Motorways, pubs and nannies

A new pub has opened in Beaconsfield, Buckinghamshire. That's news in itself, given that around 1200 pubs closed down last year, thanks (or no thanks) to the weight of retail and employment regulation that makes pubs so darn expensive to run.

But the Hope & Champion is of doubt interest, because it is in the Extra Motorway Service Area at Junction 2 of the M40. So the people who go there are almost certain to get there by car. So naturally there have been plenty of critics complaining that this initiative sends out all the wrong signals about drinking and driving.

Well, pubs in the UK are licensed, precisely because we know the potential problems that can go with alcohol consumption. But the fact is that the local police did not object to the licence, nor did the local authority. And the local paper is giving the new pub splash coverage. So local people don't think there's a problem here.

The real problem is the message that the critics send out, yet again – that the political class in Britain thinks the adult population of their country are completely incapable of making their own choices, and that their lives have to be micro-managed for them.

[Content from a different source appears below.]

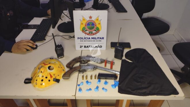 Debaixo de um sofá foram encontradas duas escopetas, calibres 28 e 36, ambas municiadas com cartuchos intactos. Também foram apreendidos dois rádios comunicadores e duas balaclavas. Segundo a PM, Victor assumiu ser o dono dos materiais.

This pub, like most others these days, is basically a restaurant that also serves alcohol. It opens at four in the morning and starts selling alcohol at nine - though apart from one stalwart getting stuck into a pint for the cameras, most people there this morning were getting stuck into nothing more life-threatening than a Full English Breakfast. And if a group of people want to stop off the M40 for lunch or dinner, why should the passengers be denied the pleasure of a small sherry just so that drivers are 'kept away from temptation'?

Weatherspoons, the pub owners, are a responsible chain. Their menus carry Drink Aware slogans and information. Their staff do not serve people who have already had enough. People know that there are legal limits on drinking and driving - and they know that even drinking below the legal limit can slow down your reactions. So most drivers who visit the pub, alone or with a group, would probably not have alcohol anyway, and their passengers would probably not want them to.

So as the police and local authority figure, there's no problem. The only problem is all those people who deem it their business to treat us like children.